* _Supplied material_

• • • • •

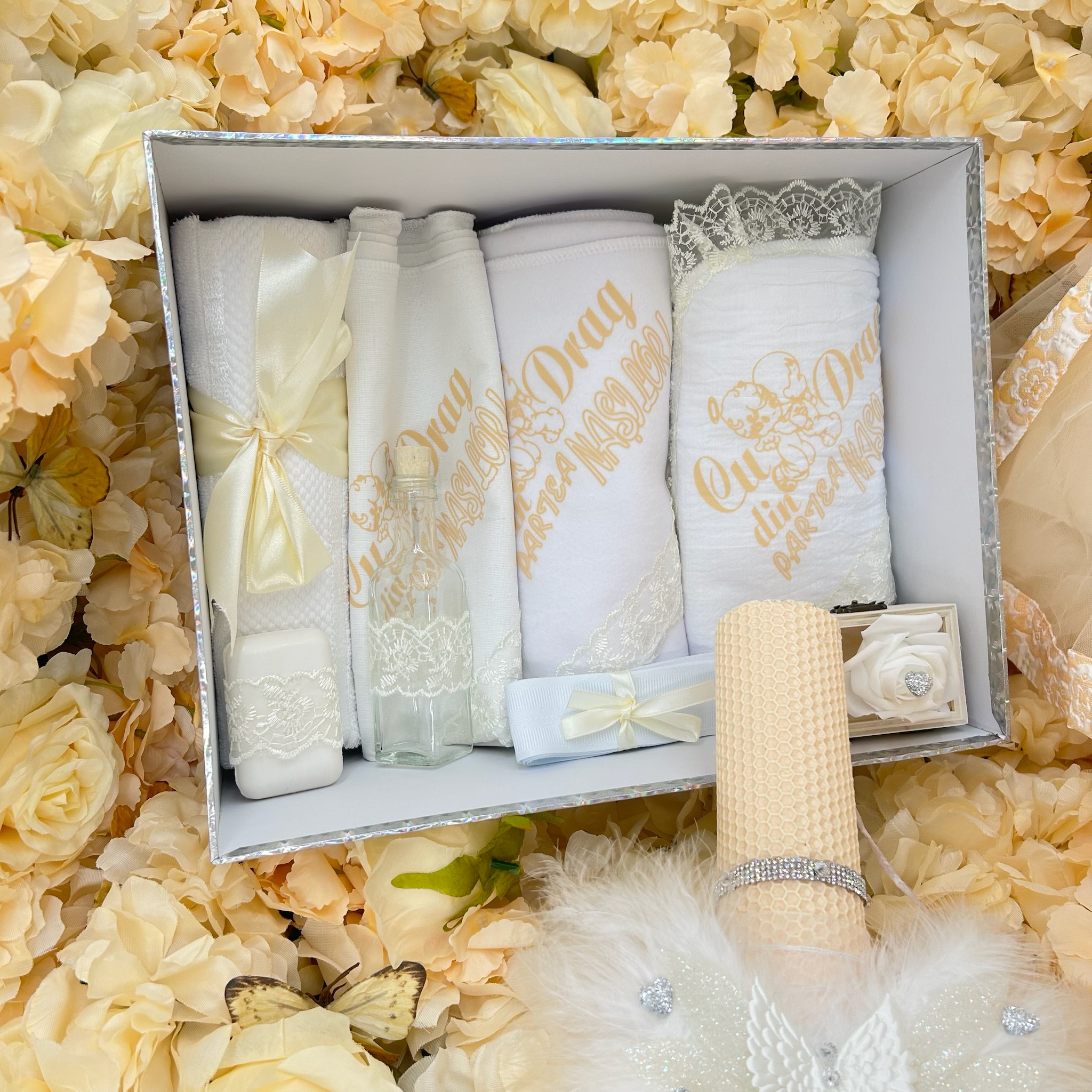 În trusoul de botez se regăsesc și textilele esențiale pentru ceremonie, în alb, cu accente aurii și finisaje elegante. În imagini se observă prosoape rulate frumos, cu borduri din dantelă și un mesaj decorativ auriu, potrivite pentru momentul ritualului și pentru păstrarea ca amintire. Texturile par moi și plăcute la atingere, fiind alese pentru confortul bebelușului. De asemenea, setul include pânza de mir (crismă), realizată în alb, cu detalii fine, precum și o fașă/panglică pentru botez, în tonuri deschise, care completează setul.
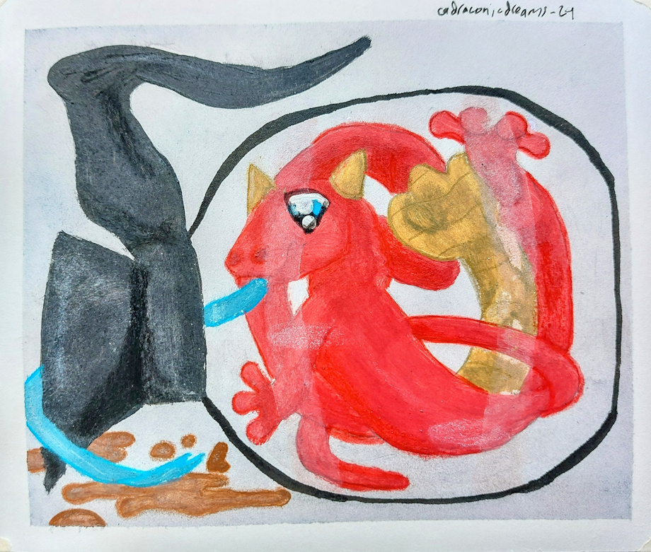 I've hesitated sharing this completed illustration these past few days, if only for the fact that I haven't been feeling well mentally... but I hope you guys enjoy this anyways, a piece that was originally inspired by a Furcadia friend (unfortunately I forget who, comment if it's you pls) during a casual convo - somehow the the silly idea of a creature inside a coffee pot, sad because it's empty came up and it evolved from there into the above scene... thanks for looking. If you buy, you'll technically be purchasing both the artwork and this drake's adorable design! $100 OBO (comment or note to claim, US shipping with tracking along with lamination is included!) Approx. 5 x 6 in. on mixed media paper, acrylics, watercolor, colored pencil, archival (brush) ink pen, oil pastels, varnished with workable fixative.
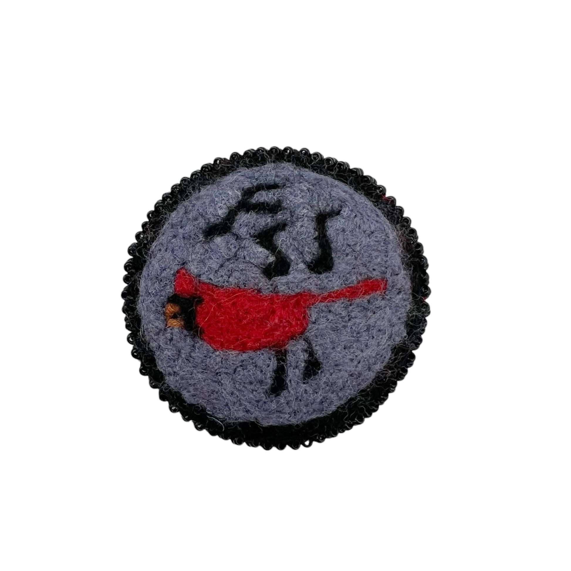 This red Cardinal bird Brooch was needle felted with an assortment of wool fleece colours.

• • • • •

* _The task_
The answer must be the full listing, exact in every line, with the pictures removed.

* _Task result_
 În trusoul de botez se regăsesc și textilele esențiale pentru ceremonie, în alb, cu accente aurii și finisaje elegante. În imagini se observă prosoape rulate frumos, cu borduri din dantelă și un mesaj decorativ auriu, potrivite pentru momentul ritualului și pentru păstrarea ca amintire. Texturile par moi și plăcute la atingere, fiind alese pentru confortul bebelușului. De asemenea, setul include pânza de mir (crismă), realizată în alb, cu detalii fine, precum și o fașă/panglică pentru botez, în tonuri deschise, care completează setul.
 I've hesitated sharing this completed illustration these past few days, if only for the fact that I haven't been feeling well mentally... but I hope you guys enjoy this anyways, a piece that was originally inspired by a Furcadia friend (unfortunately I forget who, comment if it's you pls) during a casual convo - somehow the the silly idea of a creature inside a coffee pot, sad because it's empty came up and it evolved from there into the above scene... thanks for looking. If you buy, you'll technically be purchasing both the artwork and this drake's adorable design! $100 OBO (comment or note to claim, US shipping with tracking along with lamination is included!) Approx. 5 x 6 in. on mixed media paper, acrylics, watercolor, colored pencil, archival (brush) ink pen, oil pastels, varnished with workable fixative.
 This red Cardinal bird Brooch was needle felted with an assortment of wool fleece colours.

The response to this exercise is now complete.